Les gestes gratuits à mettre en place en attendant l’aide
Tu n’as pas encore lancé ton dossier, ou tu es un solo-entrepreneur trop petit pour ce programme ? Certaines mesures ne coûtent rien et réduisent déjà une grande partie du risque. Active l’authentification à deux facteurs sur ta messagerie professionnelle, tes outils de facturation et tes comptes cloud : c’est la mesure la plus efficace au regard de son coût, quasiment nul.
Mets en place une sauvegarde régulière de tes données, idéalement sur un support déconnecté de ton réseau principal, et teste une restauration au moins une fois par trimestre. Sensibilise-toi (et tes éventuels collaborateurs) aux techniques de phishing, qui restent le point d’entrée numéro un des attaques. Le site cybermalveillance.gouv.fr propose des ressources gratuites et un diagnostic en ligne pour évaluer ton niveau d’exposition sans dépenser un centime. Enfin, méfie-toi systématiquement d’un email qui demande un virement urgent ou un changement de coordonnées bancaires : un simple coup de fil de vérification suffit souvent à déjouer la tentative.
Notre checklist cybersécurité minimale pour un indépendant
Avant même de penser financement, un indépendant devrait pouvoir cocher chacune de ces cases.
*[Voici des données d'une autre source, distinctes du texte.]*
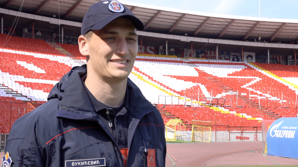 „To je nestvarna priča, ali stvarno je tako bilo", priča Đorđe dok se sa BBC novinarima šeta pored terena stadiona Rajko Mitić, na kome je utakmica bila odigrana nekoliko dana ranije.
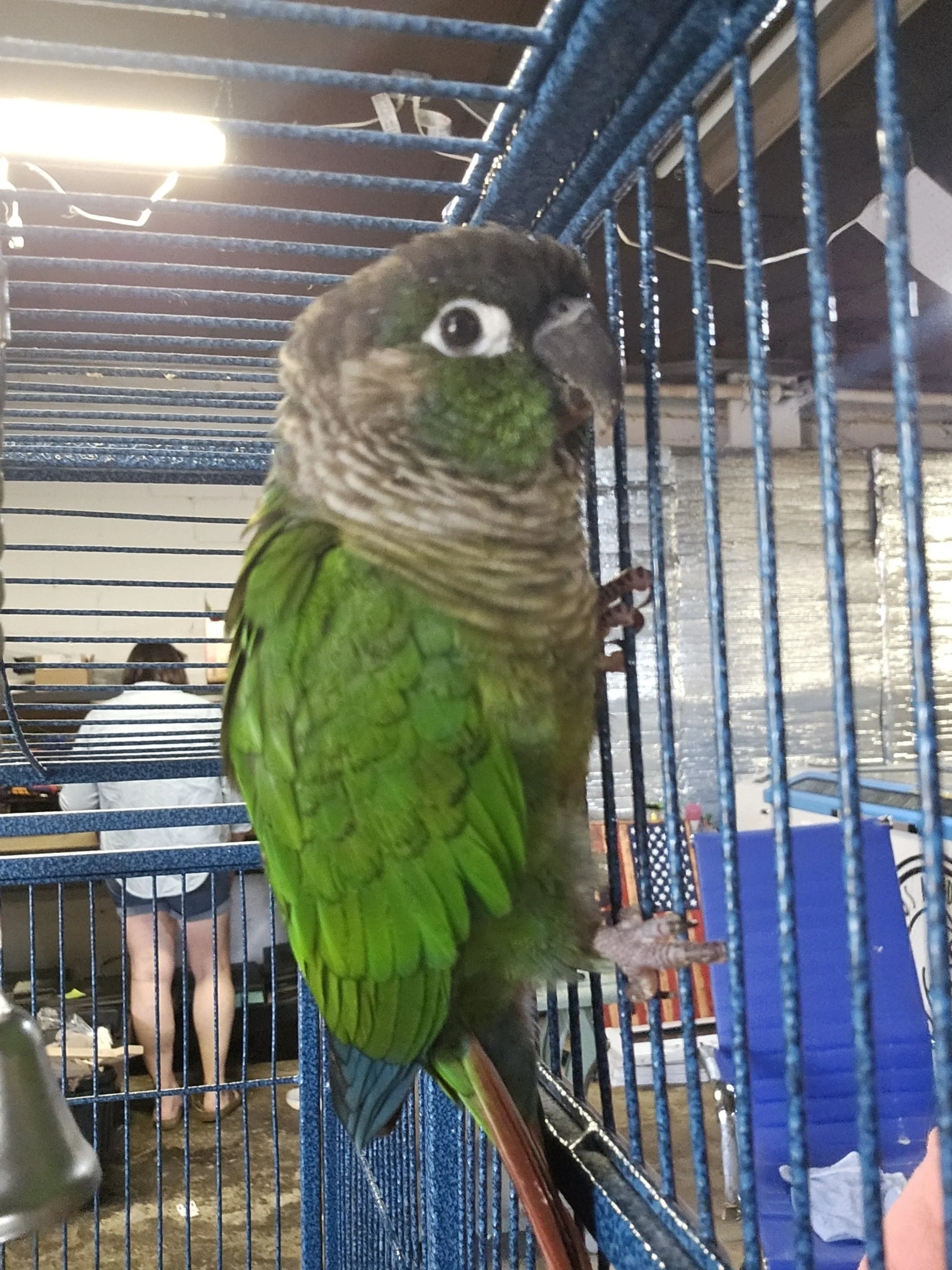 Dennis is a green cheek conure who came to us through animal control, so we do not have any background information about him. What we do know is that he is a social little guy who enjoys spending time with people. Dennis can be a bit hand shy, but once he feels comfortable, he loves hanging out on and with people. Like most conures, he has a curious and playful personality, and he would thrive in a patient home where he can continue to build trust and confidence. With the right care and attention, Dennis has the potential to become a wonderful companion.
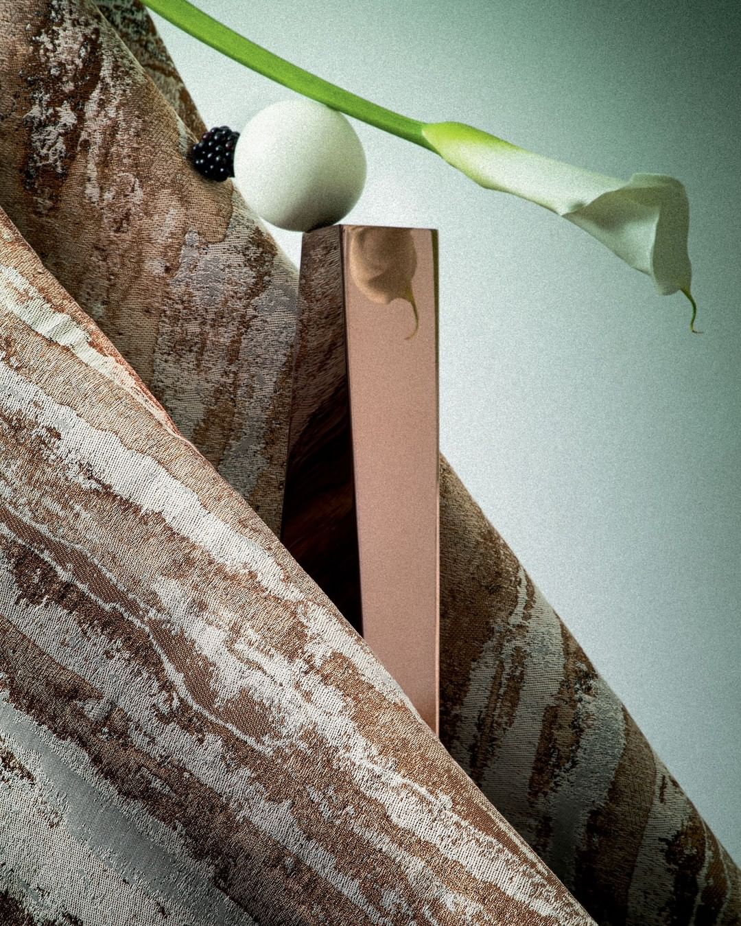 A jacquard fabric of great visual impact which belongs to “Second Firing”, a capsule collection designed by Peter Marino.

C’est la base, celle qui évite déjà la majorité des incidents constatés chez les petites structures françaises. Si tu identifies plusieurs cases vides, considère-les comme tes priorités absolues avant même de songer à un diagnostic plus poussé.
- Authentification à deux facteurs activée sur la messagerie et les outils critiques.
- Sauvegarde régulière et testée, avec au moins une copie hors ligne.
- Mises à jour logicielles installées sans délai, y compris sur les box et routeurs.
- Mots de passe uniques et robustes, gérés via un gestionnaire dédié.
- Un contact identifié en cas d’incident (prestataire, CSIRT régional ou hotline cybermalveillance.gouv.fr).
- Une vigilance affichée face aux emails suspects et aux demandes de virement inhabituelles.
- Un accès administrateur limité aux seules personnes qui en ont réellement besoin.
Coche ces cases une par une, sans te presser. C’est cette régularité, plus que la sophistication des outils, qui protège vraiment une petite structure au quotidien.
Et si tu sécurisais ton activité avant qu’il ne soit trop tard ?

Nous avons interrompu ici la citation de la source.